Club YLA is Club Brugge's women's section. It was founded in 2000 as the women's division of KSV Jabbeke. In 2010 they started working together with Club Brugge as it was needed to cooperate with a male club in the highest division to become part of the Elite League for women.

History
In 2012 they changed their name into Club Brugge Dames. In 2012 they joined the new BeNe League.
After the 2014/15 season the first team was disbanded.
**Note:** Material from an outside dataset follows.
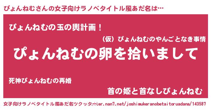 | 恥ずかしいあだ名 | 『ピョリンリン』『プリティーぴょんねむ』 |
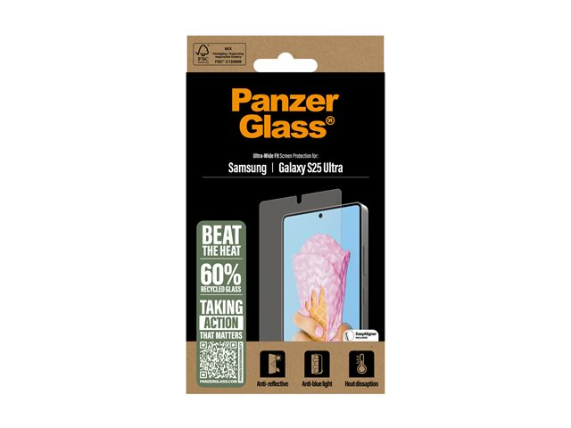 Produktbeskrivning PanzerGlass - skärmskydd för mobiltelefon - ultra-bred passform, allt-i-ett Typ av produkt Skärmskydd - glas Avsedd för Mobiltelefon Skydd Reptålig, vattenavstötande, droppskydd, stötsäkert, värmeavledning, motstår fingeravtryck, oljeavvisande, antiblåljus Beläggning Oleofob, antireflex Förpacknings innehåll Skärmskydd, EasyAligner Produktmaterial PET (Polyethylene Terephthalate), allerglas (mikrofraktur2023) Dimensioner (BxDxH) 7.405 cm Längd 15.922 cm Grovlek 0.28 mm Vikt 16 g Ramfärg Svart Designat för Samsung Galaxy S25 Ultra - Tillbehör

Season 2020-21 saw renewed interest and a new competition format with the "Scooore Super League". Club Brugge KV changed its name to "Club YLA". YLA are the initials of Yvonne Lahousse(died January 12, 2006) who was one of the leading ladies of Club Bruges' fanbase from mid 1960s until her death.
Additionally, YLA is part of a new identity and branding of the women's team. Clothes and merchandising equivalent to the Club YLA look & feel is made available from the webshop.
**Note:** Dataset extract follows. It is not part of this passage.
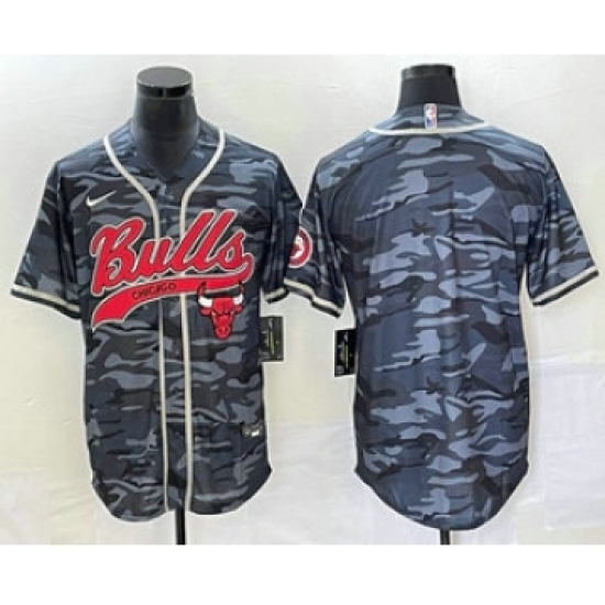 Men's Chicago Bulls Blank Black Camo Cool Base Stitched Baseball Jersey

They ended the 2020-21 regular competition in fifth place, which earned them a place in Play-off 1. These play-offs however, saw no further improvement and Club YLA finished the season in fifth.
This was the last season for Leo Van der Elst as T1, and now fulfills the role of marketing- and recruitment manager.

For season 2021-22 Dennis Moerman left his position as T2 of Gent Ladies, to become the new head coach of Club YLA.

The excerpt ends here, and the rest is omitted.